■ **What you should do**:
For the data below, give again exactly the lines from the one containing "von 1956 | ||" through the one containing "Satu botol lemonina", both ends included, and no others.

■ **Extracted material**:
══════

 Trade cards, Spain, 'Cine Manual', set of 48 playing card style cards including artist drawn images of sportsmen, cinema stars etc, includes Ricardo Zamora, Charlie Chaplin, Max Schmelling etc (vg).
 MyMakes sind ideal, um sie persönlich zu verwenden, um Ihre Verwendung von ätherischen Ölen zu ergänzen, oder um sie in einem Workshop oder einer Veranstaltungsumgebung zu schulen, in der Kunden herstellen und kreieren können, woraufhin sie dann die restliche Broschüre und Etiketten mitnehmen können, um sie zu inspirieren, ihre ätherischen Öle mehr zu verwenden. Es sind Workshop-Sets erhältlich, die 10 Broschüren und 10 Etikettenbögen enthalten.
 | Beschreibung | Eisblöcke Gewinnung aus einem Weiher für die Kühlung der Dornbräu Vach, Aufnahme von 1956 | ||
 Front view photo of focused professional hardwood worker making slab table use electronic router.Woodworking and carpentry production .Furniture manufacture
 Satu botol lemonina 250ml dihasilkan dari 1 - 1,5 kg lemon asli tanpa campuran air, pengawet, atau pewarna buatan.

══════

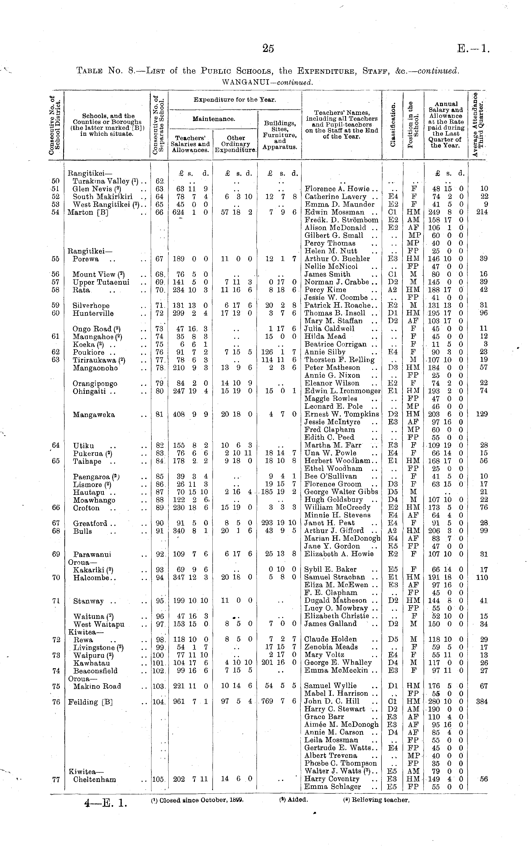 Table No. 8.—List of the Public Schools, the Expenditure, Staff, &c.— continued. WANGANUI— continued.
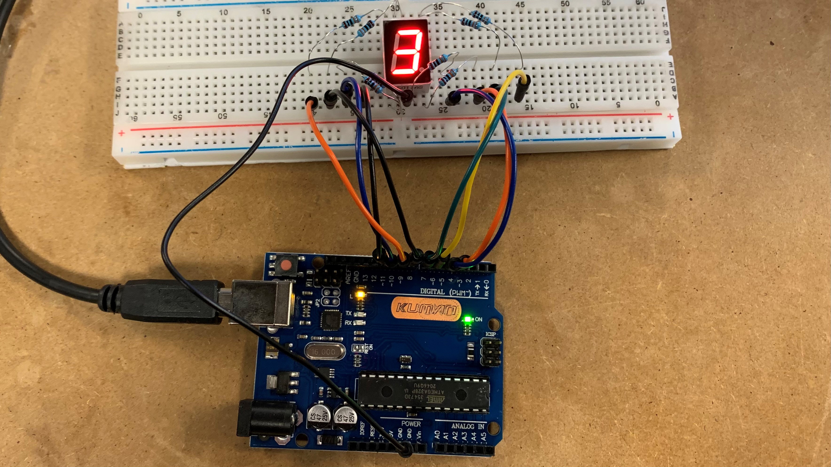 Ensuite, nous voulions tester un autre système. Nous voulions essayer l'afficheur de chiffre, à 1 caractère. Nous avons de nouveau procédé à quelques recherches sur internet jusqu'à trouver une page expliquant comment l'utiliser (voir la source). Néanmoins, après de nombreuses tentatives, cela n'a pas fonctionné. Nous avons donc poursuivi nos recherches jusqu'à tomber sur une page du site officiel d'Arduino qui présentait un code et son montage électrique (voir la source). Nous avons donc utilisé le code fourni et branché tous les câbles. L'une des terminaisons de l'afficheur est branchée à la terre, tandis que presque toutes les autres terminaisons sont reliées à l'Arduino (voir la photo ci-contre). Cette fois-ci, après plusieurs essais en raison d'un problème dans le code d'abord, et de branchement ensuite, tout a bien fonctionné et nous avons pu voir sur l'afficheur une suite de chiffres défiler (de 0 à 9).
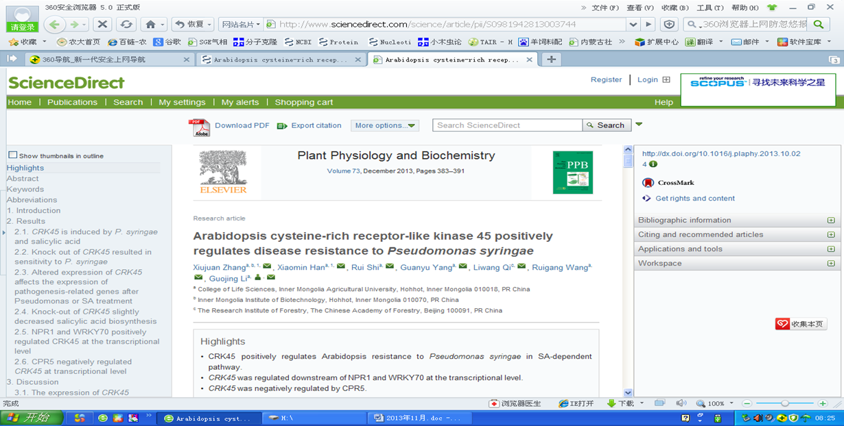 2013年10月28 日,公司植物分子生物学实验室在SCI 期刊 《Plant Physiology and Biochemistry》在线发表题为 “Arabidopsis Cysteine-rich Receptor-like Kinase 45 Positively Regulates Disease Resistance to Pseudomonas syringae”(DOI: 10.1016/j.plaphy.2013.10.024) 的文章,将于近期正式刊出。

══════

■ **Reply**:
 | Beschreibung | Eisblöcke Gewinnung aus einem Weiher für die Kühlung der Dornbräu Vach, Aufnahme von 1956 | ||
 Front view photo of focused professional hardwood worker making slab table use electronic router.Woodworking and carpentry production .Furniture manufacture
 Satu botol lemonina 250ml dihasilkan dari 1 - 1,5 kg lemon asli tanpa campuran air, pengawet, atau pewarna buatan.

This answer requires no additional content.